- Developer: nCORE Games
- Publisher: nCORE Games
- Engine: Unity
- Platforms: Android, iOS
- Release: 26 January 2021
- Genre: Action
- Mode: Singleplayer

= Fearless and United Guards =

Indian mobile video game

Fearless and United Guards (abbreviated as FAU-G or FAUG) is an action game developed by Bengaluru based company nCORE Games. It was released worldwide on 26 January 2021 for Android and in March 2021 for iOS. The game has been removed from both Google Play Store and App Store as of 2024.

Bollywood actor Akshay Kumar is the brand ambassador of the game and also serves as a mentor to the development process.

==Development==
The game was first announced by Akshay Kumar through his social media accounts on 4 September 2020. The CEO of nCore Games, Vishal Gondal said that the game had been under development since May 2020, and that developers had been recruited to develop the game before the Indian ban on PUBG Mobile. Gondal stated that FAU-G would not be competing with PUBG, and that it would not be a battle royale.

Akshay Kumar claimed that the intention of the game was to support the Indian Prime Minister's AtmaNirbhar Bharat Movement, and that 20% of the net revenue generated from the game would be donated to Bharat Ke Veer trust, an initiative which was implemented as a collaborative effort to support the families of Indian armed forces.

==Release==
The game was initially scheduled for an autumn release in 2020, and it was eventually released for Android on 26 January 2021, and for iOS in March 2021.

==Gameplay==
It features a story mode plotted upon the incidents of the Galwan Valley clash in which the player goes through many close combat fights. Gondal said that FAU-G could incorporate many of India's previous historic border clashes into future episode story lines such as the Kargil incident, the India-Pakistan war of 1971, and the surgical strikes of 2016, among others.
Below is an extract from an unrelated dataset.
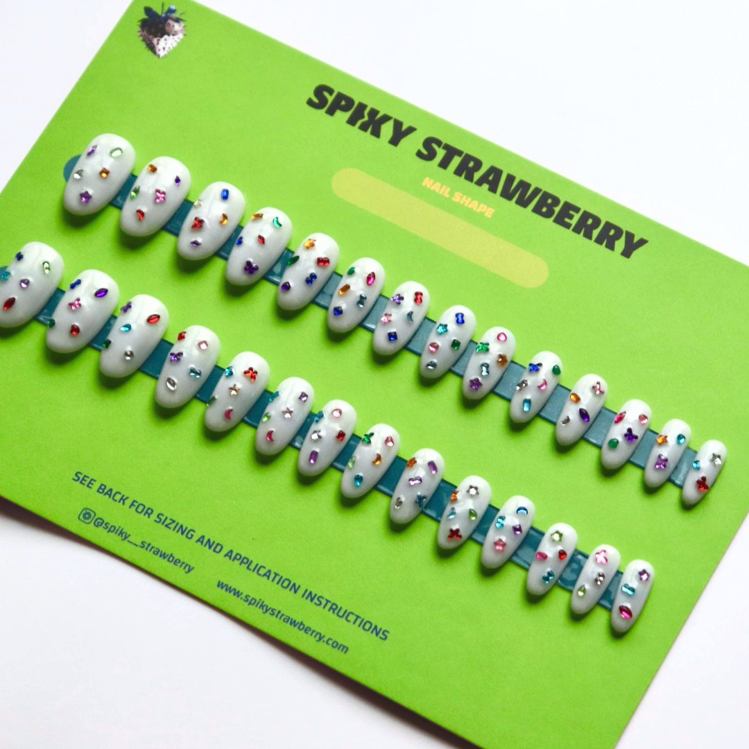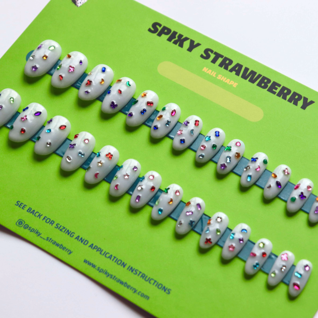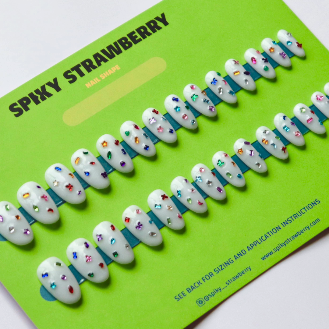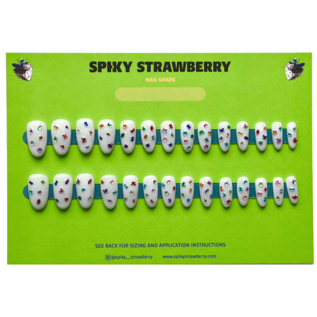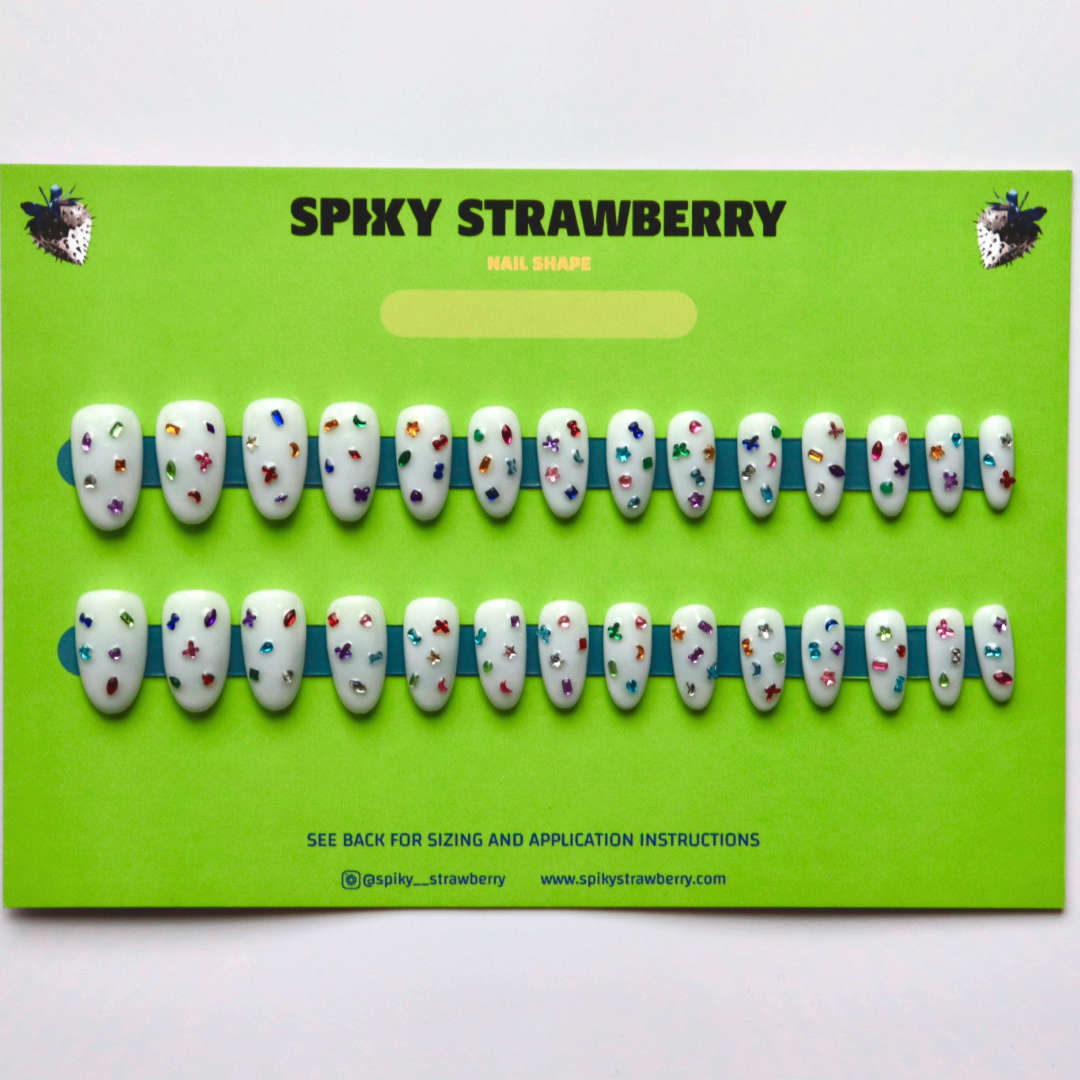 Spiky Strawberry™ Candy Crush ready to wear sizing kit includes two of every nail size, painted and prepped for instant application. Perfect for anyone who wants to find their fit but don't want to wait to get their hands on some nails!
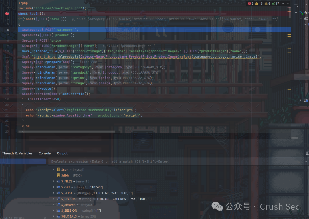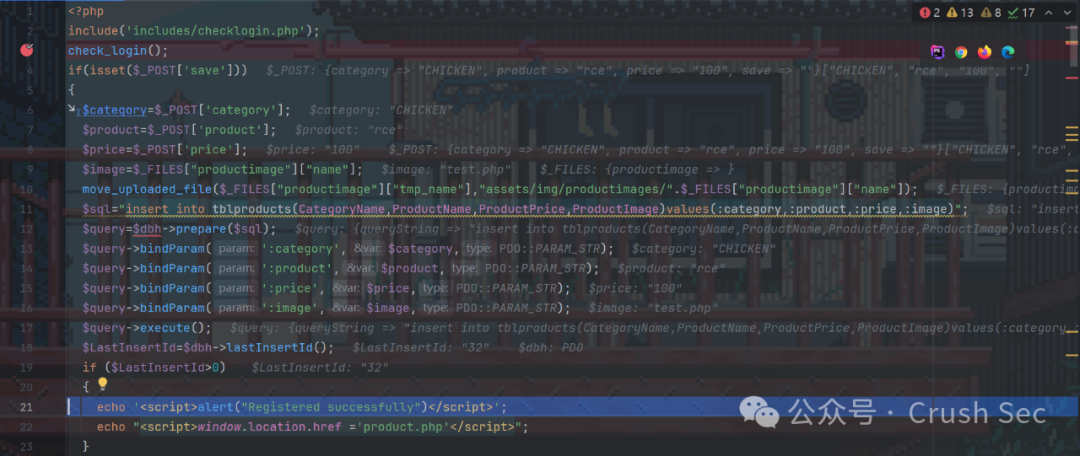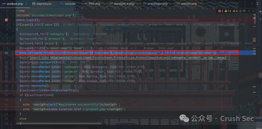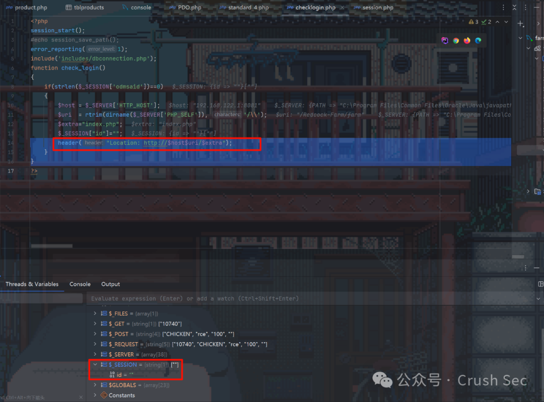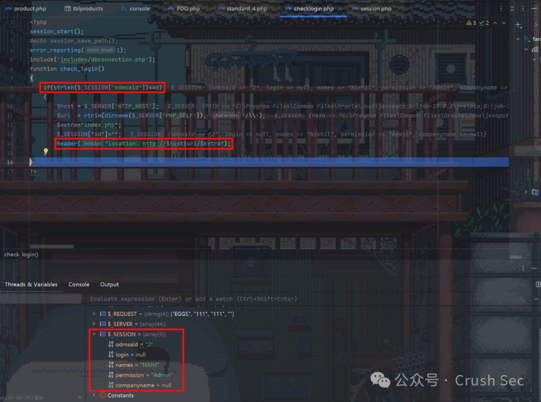 执行到了header(“Location: http://$host$uri/$extra”),此时未登录,所以session也为空。header的作用是进行重定向,重定向到登录页,但是继续往后执行,会发现还是执行到了product.php中的后续代码。

Gondal said, "Once we start getting the data from consumers and what elements they like, we will keep developing the game further. Based on feedback, various modes like a PvP mode and a Battle Royale mode can come to the game in the next few months."

==Reception==
On release, FAU-G received generally mixed-to-negative reviews. The Indian Express gave the game 2 stars of 5, and stated, "good graphics let down by boring gameplay". India Today gave the game 4.5 stars out of 10, and stated, "an incomplete lackluster game that is no PUBG rival". Techradar gave the game 2 stars out five and stated, "FAUG is basic, bland and can hardly be called a game worthy of attention in 2021. While it was rather successful at grabbing the spotlight with the announcement which led to millions of pre-registration, its shoddy content is just a waste of an opportunity." The Hindu gave the game a mixed review with praise for its fluid movement controls, the smooth frame-rate and decent graphics, but criticism for its repetitive game play. India Today gave that game 2 out of 5 stars and stated, "As a starting point, FAU-G is about okay as I was not expecting much from the game. However, the lack of any depth content, functionality, or even experience-wise is the main problem. This clearly seems like a rushed-up job to capitalize on the interest and nationalistic feelings around Republic Day. Though the company has stated that FAU-G is not meant to replace or copy PUBG, inevitable comparisons are bound to happen."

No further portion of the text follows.